Goal of the exercise :: Print the lines in the listing below starting at the line with "זר חופשי עונתי" and ending at the line with "The dagger cross", both included. Reproduce them exactly and omit every picture.

Material provided ::
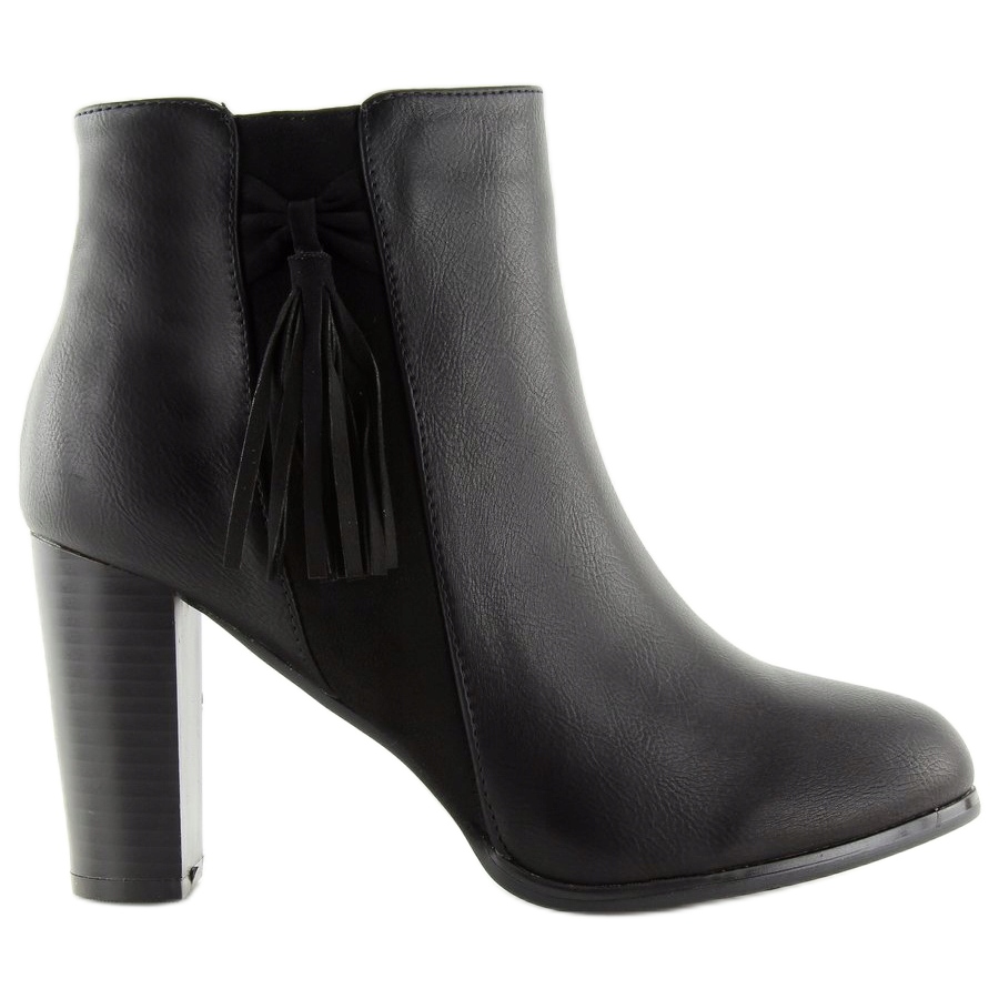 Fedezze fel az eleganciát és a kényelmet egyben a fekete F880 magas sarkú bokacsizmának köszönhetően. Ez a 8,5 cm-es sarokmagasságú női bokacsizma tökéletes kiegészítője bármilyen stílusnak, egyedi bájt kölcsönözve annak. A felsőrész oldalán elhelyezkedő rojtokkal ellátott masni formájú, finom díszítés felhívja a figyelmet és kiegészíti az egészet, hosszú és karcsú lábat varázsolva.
---
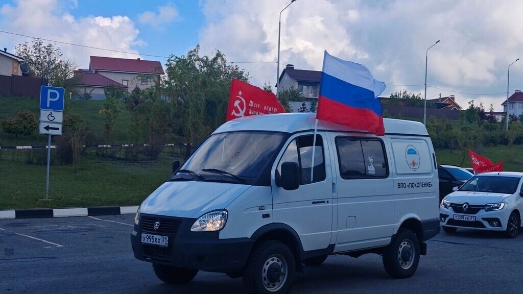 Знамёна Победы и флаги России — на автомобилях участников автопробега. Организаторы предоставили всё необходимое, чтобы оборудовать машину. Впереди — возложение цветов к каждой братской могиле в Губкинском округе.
---
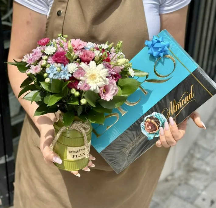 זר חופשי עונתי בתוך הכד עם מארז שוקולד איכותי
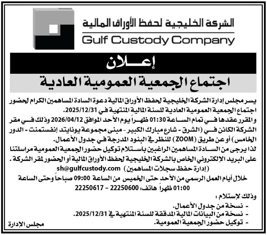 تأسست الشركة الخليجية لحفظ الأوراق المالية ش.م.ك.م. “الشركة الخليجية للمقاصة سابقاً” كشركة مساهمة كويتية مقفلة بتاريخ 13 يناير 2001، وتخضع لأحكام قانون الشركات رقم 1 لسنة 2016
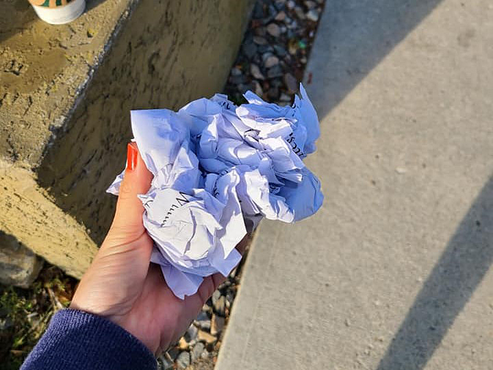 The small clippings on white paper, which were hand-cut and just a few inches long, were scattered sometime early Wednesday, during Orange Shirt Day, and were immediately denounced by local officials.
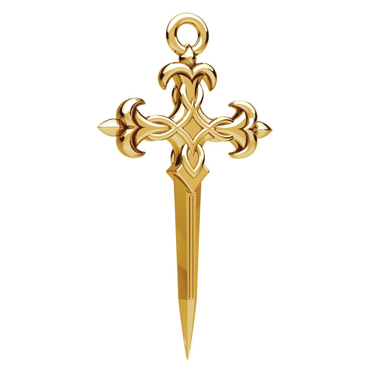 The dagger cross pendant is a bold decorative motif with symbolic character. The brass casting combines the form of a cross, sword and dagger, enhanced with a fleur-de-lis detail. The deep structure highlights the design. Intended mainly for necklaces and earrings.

Solution for this task ::
 זר חופשי עונתי בתוך הכד עם מארז שוקולד איכותי
 تأسست الشركة الخليجية لحفظ الأوراق المالية ش.م.ك.م. “الشركة الخليجية للمقاصة سابقاً” كشركة مساهمة كويتية مقفلة بتاريخ 13 يناير 2001، وتخضع لأحكام قانون الشركات رقم 1 لسنة 2016
 The small clippings on white paper, which were hand-cut and just a few inches long, were scattered sometime early Wednesday, during Orange Shirt Day, and were immediately denounced by local officials.
 The dagger cross pendant is a bold decorative motif with symbolic character. The brass casting combines the form of a cross, sword and dagger, enhanced with a fleur-de-lis detail. The deep structure highlights the design. Intended mainly for necklaces and earrings.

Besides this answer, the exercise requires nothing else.